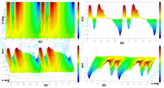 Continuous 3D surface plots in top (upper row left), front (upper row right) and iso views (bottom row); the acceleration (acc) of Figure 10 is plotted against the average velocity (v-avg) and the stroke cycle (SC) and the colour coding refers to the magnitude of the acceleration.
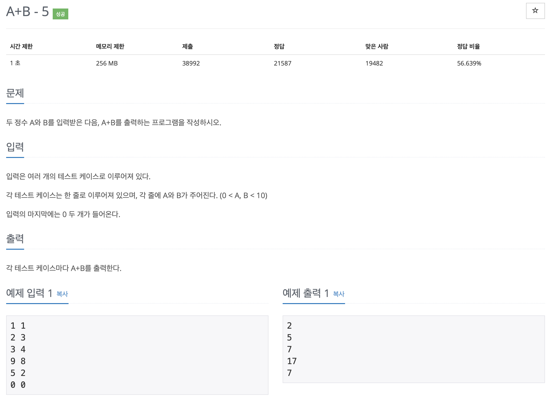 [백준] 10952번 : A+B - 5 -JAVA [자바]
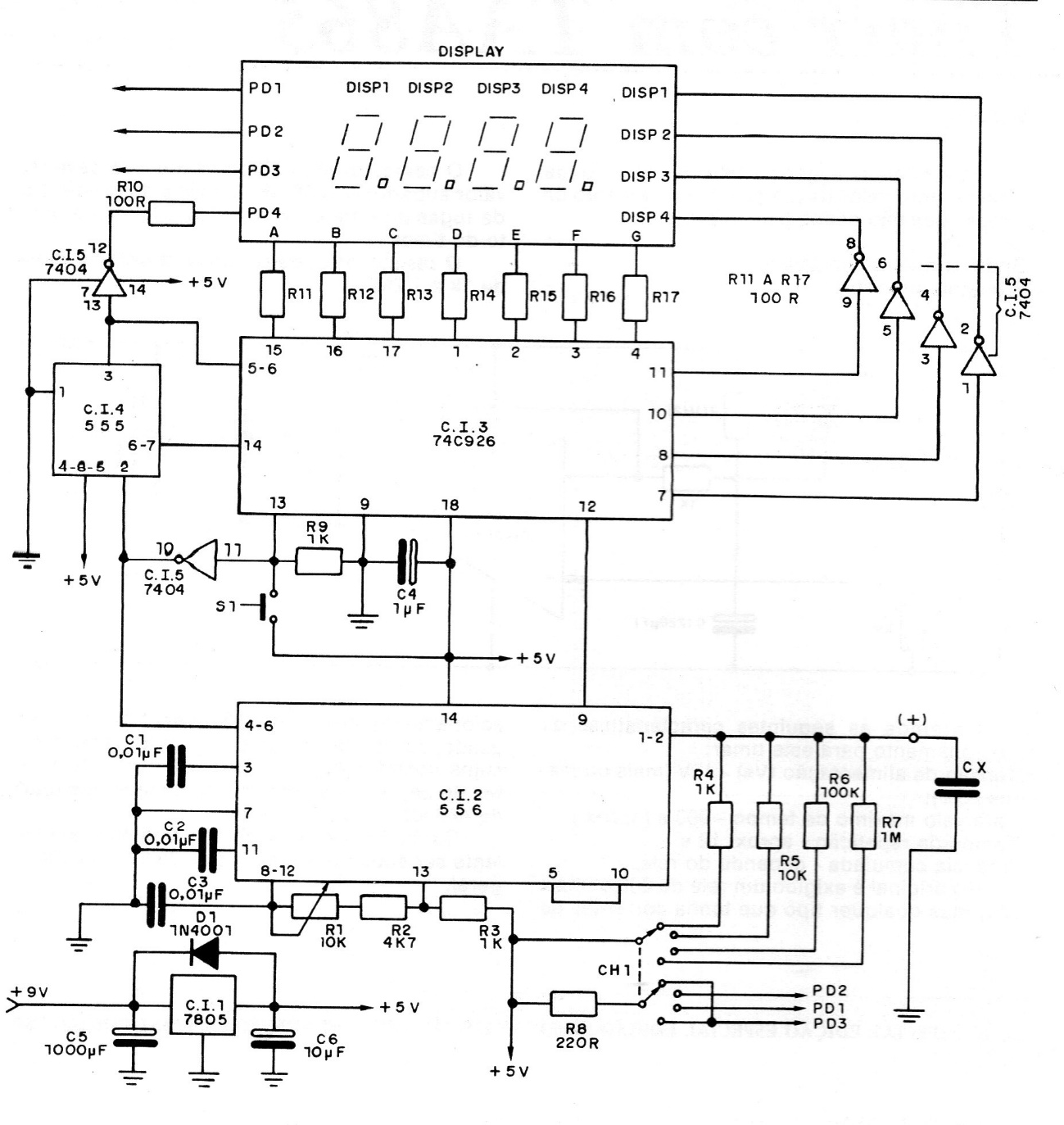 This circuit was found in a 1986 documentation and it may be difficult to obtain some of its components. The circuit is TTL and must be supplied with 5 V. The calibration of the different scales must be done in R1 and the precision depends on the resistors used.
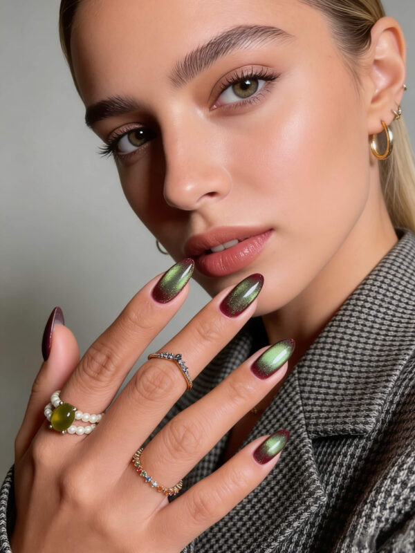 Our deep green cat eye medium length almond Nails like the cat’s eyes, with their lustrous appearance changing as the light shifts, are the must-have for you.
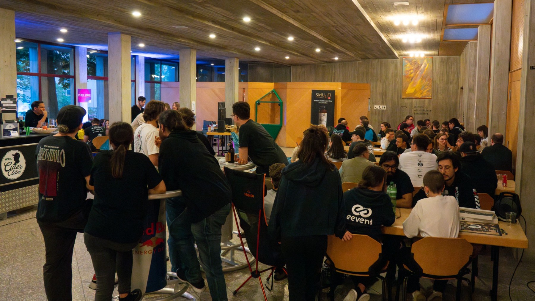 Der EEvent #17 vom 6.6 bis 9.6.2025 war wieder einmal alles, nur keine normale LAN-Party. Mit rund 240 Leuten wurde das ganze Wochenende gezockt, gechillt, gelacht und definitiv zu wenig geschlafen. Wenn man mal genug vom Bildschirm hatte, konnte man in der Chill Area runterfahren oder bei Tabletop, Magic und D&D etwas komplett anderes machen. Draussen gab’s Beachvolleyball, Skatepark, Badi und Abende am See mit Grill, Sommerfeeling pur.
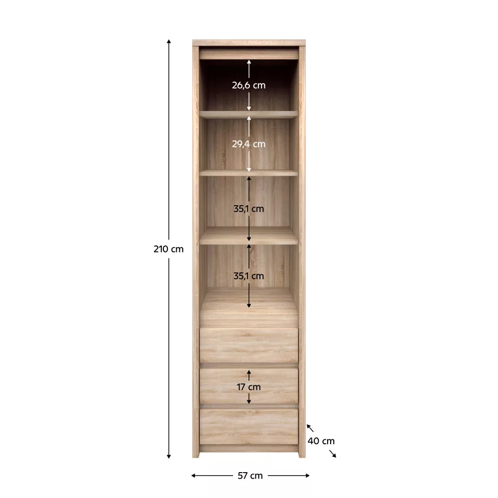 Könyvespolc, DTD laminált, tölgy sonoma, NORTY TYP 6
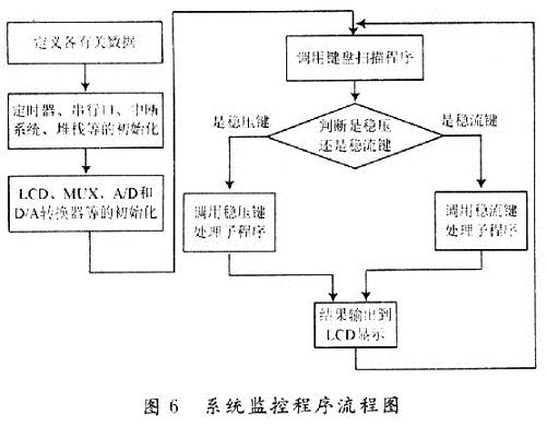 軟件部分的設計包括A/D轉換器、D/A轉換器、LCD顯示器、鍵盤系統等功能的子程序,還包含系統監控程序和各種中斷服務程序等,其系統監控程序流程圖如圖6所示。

....

The data above must be copied exactly. Leave out the pictures.

 Continuous 3D surface plots in top (upper row left), front (upper row right) and iso views (bottom row); the acceleration (acc) of Figure 10 is plotted against the average velocity (v-avg) and the stroke cycle (SC) and the colour coding refers to the magnitude of the acceleration.
 [백준] 10952번 : A+B - 5 -JAVA [자바]
 This circuit was found in a 1986 documentation and it may be difficult to obtain some of its components. The circuit is TTL and must be supplied with 5 V. The calibration of the different scales must be done in R1 and the precision depends on the resistors used.
 Our deep green cat eye medium length almond Nails like the cat’s eyes, with their lustrous appearance changing as the light shifts, are the must-have for you.
 Der EEvent #17 vom 6.6 bis 9.6.2025 war wieder einmal alles, nur keine normale LAN-Party. Mit rund 240 Leuten wurde das ganze Wochenende gezockt, gechillt, gelacht und definitiv zu wenig geschlafen. Wenn man mal genug vom Bildschirm hatte, konnte man in der Chill Area runterfahren oder bei Tabletop, Magic und D&D etwas komplett anderes machen. Draussen gab’s Beachvolleyball, Skatepark, Badi und Abende am See mit Grill, Sommerfeeling pur.
 Könyvespolc, DTD laminált, tölgy sonoma, NORTY TYP 6
 軟件部分的設計包括A/D轉換器、D/A轉換器、LCD顯示器、鍵盤系統等功能的子程序,還包含系統監控程序和各種中斷服務程序等,其系統監控程序流程圖如圖6所示。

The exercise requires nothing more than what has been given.